The Political Movement In France

The Political Movement In France


IN approaching this subject one naturally measures back from the Revolution of 1789. All other enquiries become secondary to that respecting the causes of the great upheaval which overturned the monarchy and the associated institutions.


Giving at once the result of our investigation, we would enumerate these causes as follows: (1) forfeiture of respect on the part of the rulers by moral turpitude; (2) the vacillating policy of the government, or its alternation between concession and despotic authority; (3) bitter religious controversies, in which the government united with a majority of the higher clergy to override the preference of the great body of the people; (4) ambition of the parliaments, and especially of the Parliament of Paris, to reach the position, and to fulfill the functions of a coordinate branch of the government; (5) political writings which discredited the notion of absolute monarchy, and set forth the superior merits of republican or democratic rule; (6) discontent in large masses of the people, provoked by poverty and hunger.
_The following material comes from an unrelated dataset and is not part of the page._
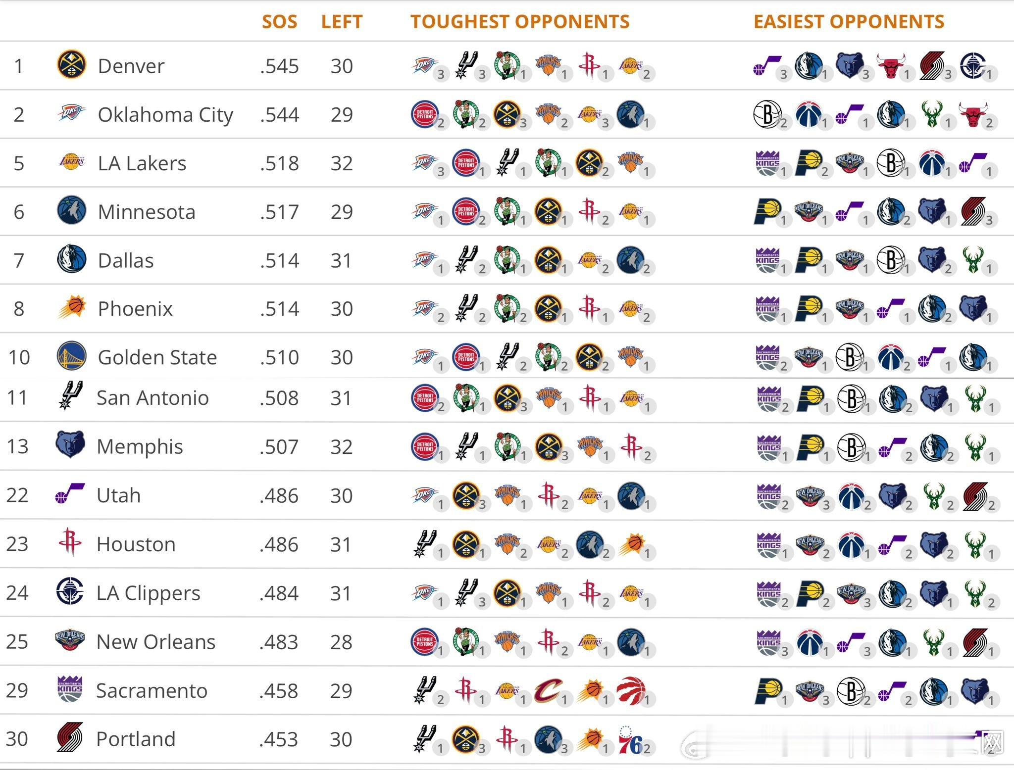 数据显示(图2):火箭目前剩余赛程的平均对手胜率为 48.6%,在全联盟排第 23 难,也意味着——👉 在当前西部前六球队里,火箭的剩余赛程理论上最轻松。对比两支直接西部竞争对手:掘金:54.5%(全联盟最难之一)雷霆:54.4%(同样接近最难)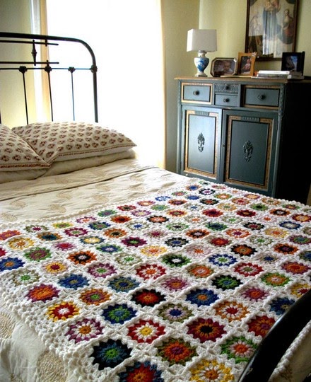 Since the Fall season is upon us with its cool evenings, I thought it the perfect time to pay homage to the afghan. The Granny Square Afghan in particular. I can remember my mother crocheting one in bright colors on a dark green background. I thought it was so ugly......my how I wish I had it today, what a treasure it would be.

Before the burial of Louis XIV. the eyes of Frenchmen had begun to be opened to the shadowed side of his reign. Looking beyond the glory of royalty they saw the tyranny and the shame. Very few mourned the death of the magnificent despot.


The succeeding rulers were in no wise calculated to make good the deficit in esteem and veneration which had already been incurred. On the contrary, they perpetuated all the shame of the reign of Louis XIV. without reproducing aught of its glory. The Duke of Orleans, who acted as regent during the minority of the King, was an unblushing libertine. Louis XV., in his personal habits, was a disgrace to royalty throughout the greater part of his long reign. As in the times of Henry III., the mistress bore the sceptre, and religion was abased to the semblance of a vapid and despicable superstition by being mixed with moral outrage and indecency. Louis XVI. was doubtless exemplary in his general conduct, but he had not sufficient force of character to recover lost prestige.
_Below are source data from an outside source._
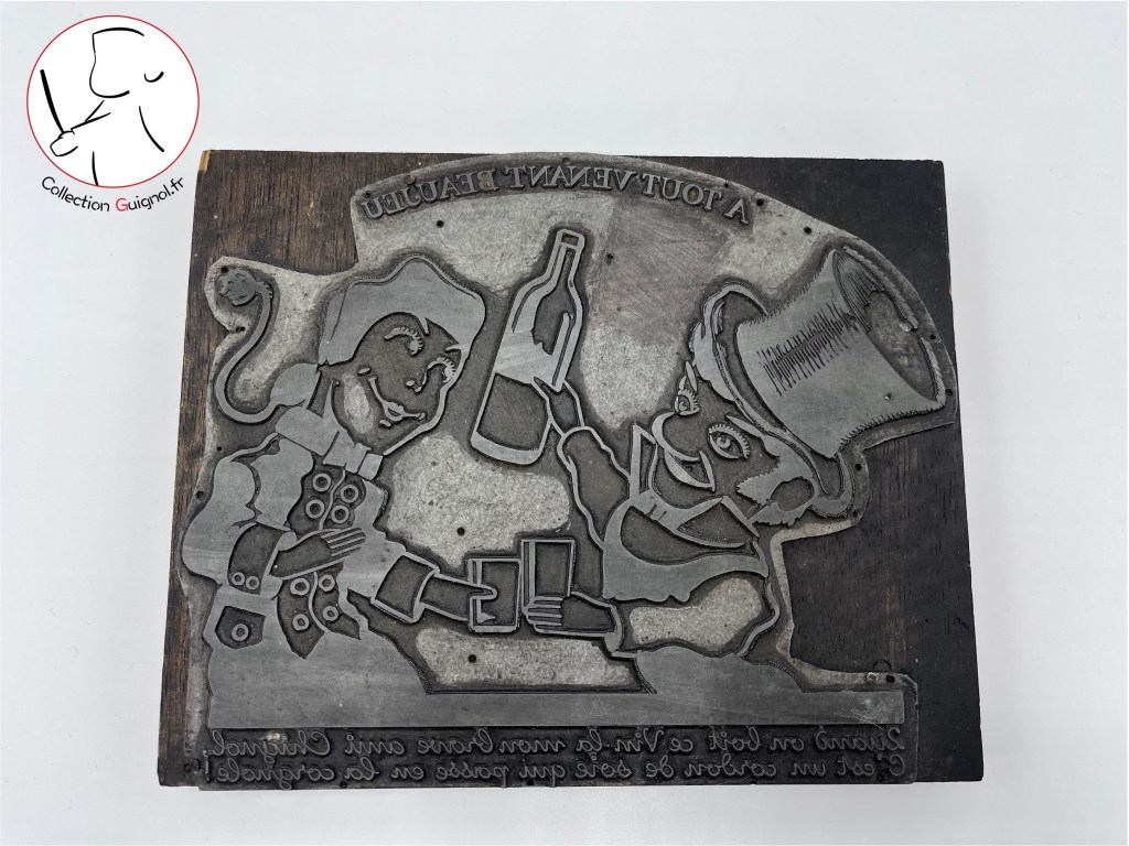 Le numéro de téléphone à 8 chiffres présent sur la carte de voeux (photo n°4) nous indique que ce document fut imprimer à partir de 1985. Cette carte est signée Jean Zillioux qui a dirigé le GUIGNOL DE FRANCE jusqu’en 1994. La matrice fut donc gravée entre 1985 et 1994. Elémentaire mon cher Guignol!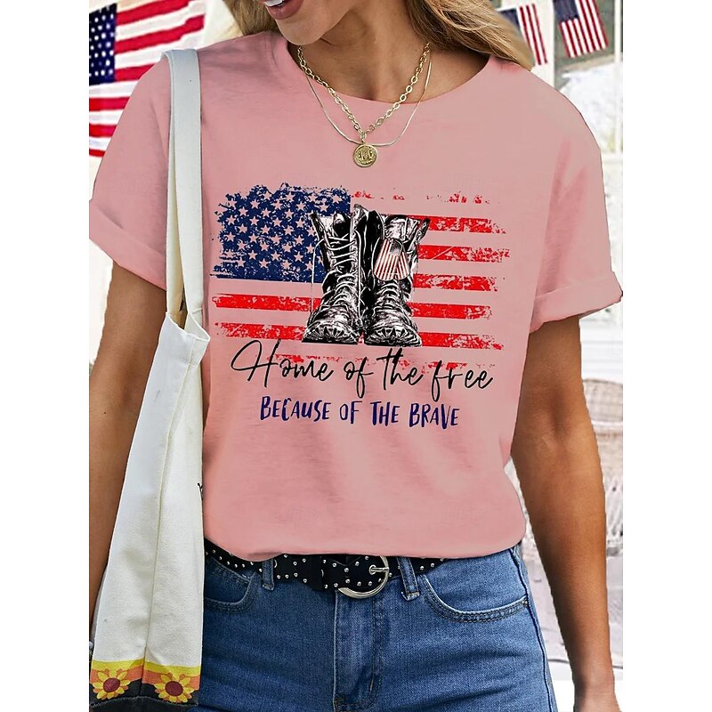 HOT ! Women's Patriotic T Shirt American Flag National Flag Fashion Basic Short Sleeve Crew Neck Regular Tops Casual Weekend Print White Pink Summer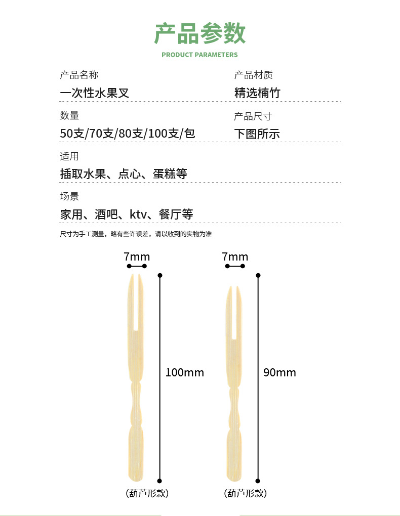 - SpecificationBamboo fruit forks 100 count gourd shape 88mm, Bamboo fruit forks 100 count gourd shape 100mm, Bamboo fruit fork 50 gourd-shaped 88mmPrint logoNo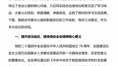 在市委办公室传达学习党的全会精神专题会议上的总结讲话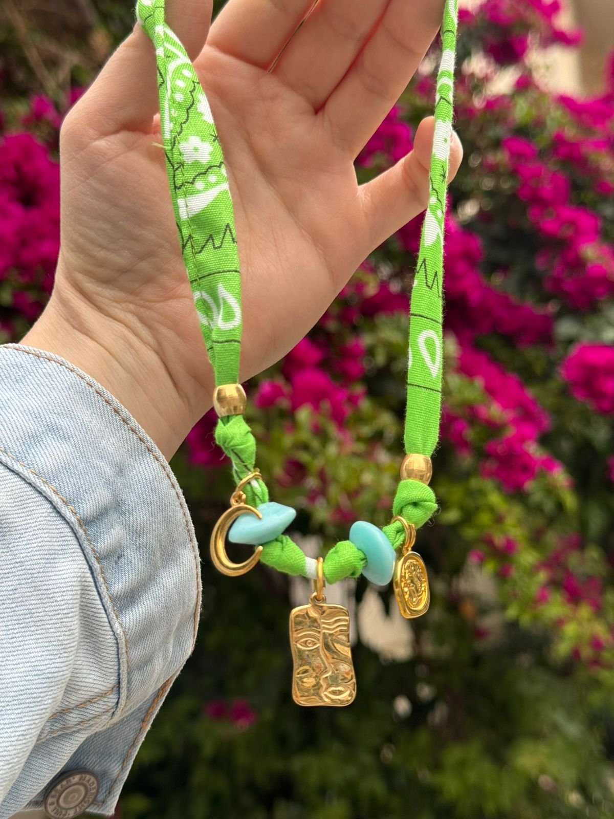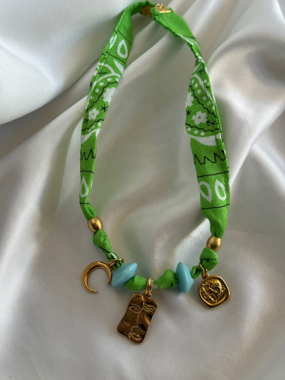 Κολιέ με ύφασμα μπαντάνα, ορειχάλκινα επιχρυσωμενα 24k & γυάλινα στοιχεία.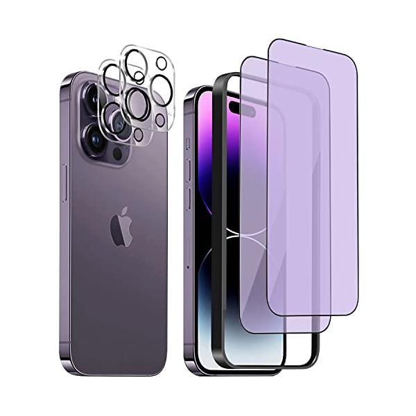 DZHFU iPhone 14 Pro max強化ガラスフィルム4枚入り ブルーライトカット 6.7インチ 硬度9H 滑らかなタッチ操作 指紋付

The forfeiture of respect which had been wrought in this manner was aggravated by the unsteadiness of the administration. While the monarch affronted the growing taste for self-government by repeating the assumptions of Louis XIV. and claiming once and again to be the impersonation of the entire sovereignty of the realm, he did not maintain himself firmly upon this ground. Yielding at times to popular disquiet, he gave indulgence to the party representing opposing claims. Concessions of this sort, not having the appearance of free gifts, won no gratitude, and only served to encourage to new efforts those who, from interest or principle, were desirous to limit the authority of the crown. The people were neither crowded down to passivity by a strong despotism nor made content by a liberal treatment.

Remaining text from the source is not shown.